Les insuffisances actuelles de la formation des bibliothécaires dans le domaine spécialisé de la jeunesse sont un sujet de préoccupation générale, dont témoignent aussi les difficultés de recrutement de personnels qualifiés rencontrées par les collectivités territoriales. Ce constat s’applique tant aux formations initiales que permanentes.

Pour autant, je ne partage pas le regret fréquemment exprimé par les bibliothécaires de la disparition de la formation initiale spécialisée qu’était le Certificat d’aptitude aux fonctions de bibliothécaire (CAFB) option Jeunesse. Il m’apparaît, en effet, vain de regretter un diplôme qui, rappelons-le quand même, ne faisait plus l’unanimité dans la profession et qui, par son système d’options, séparait trop les formations.

Redéfinir les missions et les modalités de fonctionnement des bibliothèques pour la jeunesse me semble autrement important, car la lecture des jeunes est l’affaire de tous et ne peut pas ne concerner qu’une partie des bibliothécaires.

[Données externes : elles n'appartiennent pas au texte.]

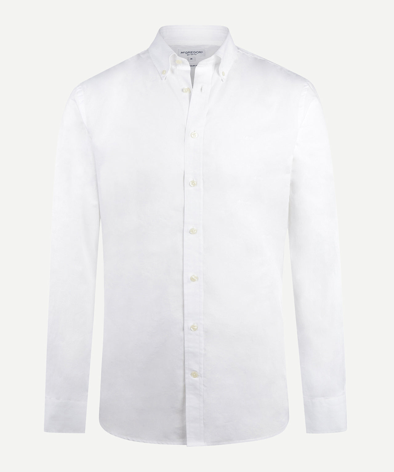 This shirt is made of 100% premium cotton and has a regular fit for comfortable everyday wear. It features long sleeves, a button-down collar, and a subtle McGregor logo on the chest. The poplin weave is fine and dense, giving it a soft, slightly sheen.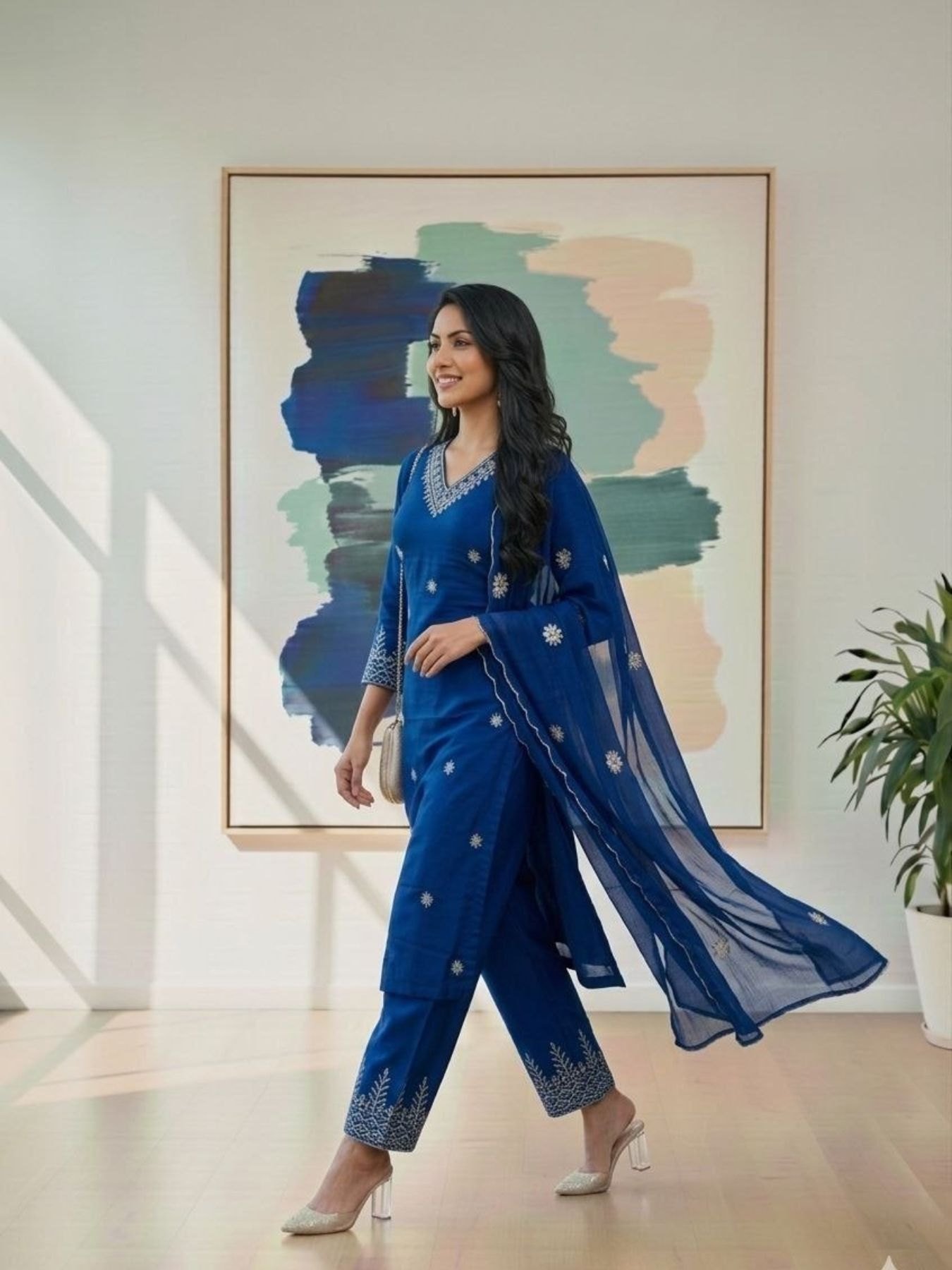 Trendy kurta set crafted in rayon cotton featuring elegant embroidery work paired with a stylish net dupatta. Designed for comfort and style, this outfit is perfect for daily wear, casual outings, and festive occasions.

La nécessité de repenser les formations des bibliothécaires, de généraliser celles destinées aux enseignants et aux différents animateurs, et de structurer le paysage de la formation pour amplifier les horizons s’impose.

Il faut savoir en saisir l’occasion.

Repenser les formations

Une réflexion doit être engagée sur la place des bibliothèques pour la jeunesse au sein des établissements, comme dans la profession.

Comment affronter les nouvelles réalités de la lecture et les nouvelles missions, culturelle, éducative, sociale ? Est-on bibliothécaire de jeunesse avant d’être bibliothécaire ? Cela a-t-il encore un sens ?

Il ne m’apparaît pas souhaitable de créer des filières professionnelles spécialisées. Je plaide en faveur d’une formation initiale commune sans spécialisation, mais incluant des enseignements sur la littérature pour la jeunesse pour permettre à chaque professionnel d’appréhender l’ensemble des publics. Le principe d’une formation minimale à la littérature, au livre et à la lecture de jeunesse pour l’ensemble des agents des bibliothèques est à défendre.

Il faudrait, en particulier, promouvoir le développement d’un enseignement en cette matière à l’École nationale supérieure des sciences de l’information et des bibliothèques (Enssib) lors de la formation des conservateurs et des bibliothécaires. Le conseil de perfectionnement du DCB (diplôme de conservateur de bibliothèque) en a émis le souhait.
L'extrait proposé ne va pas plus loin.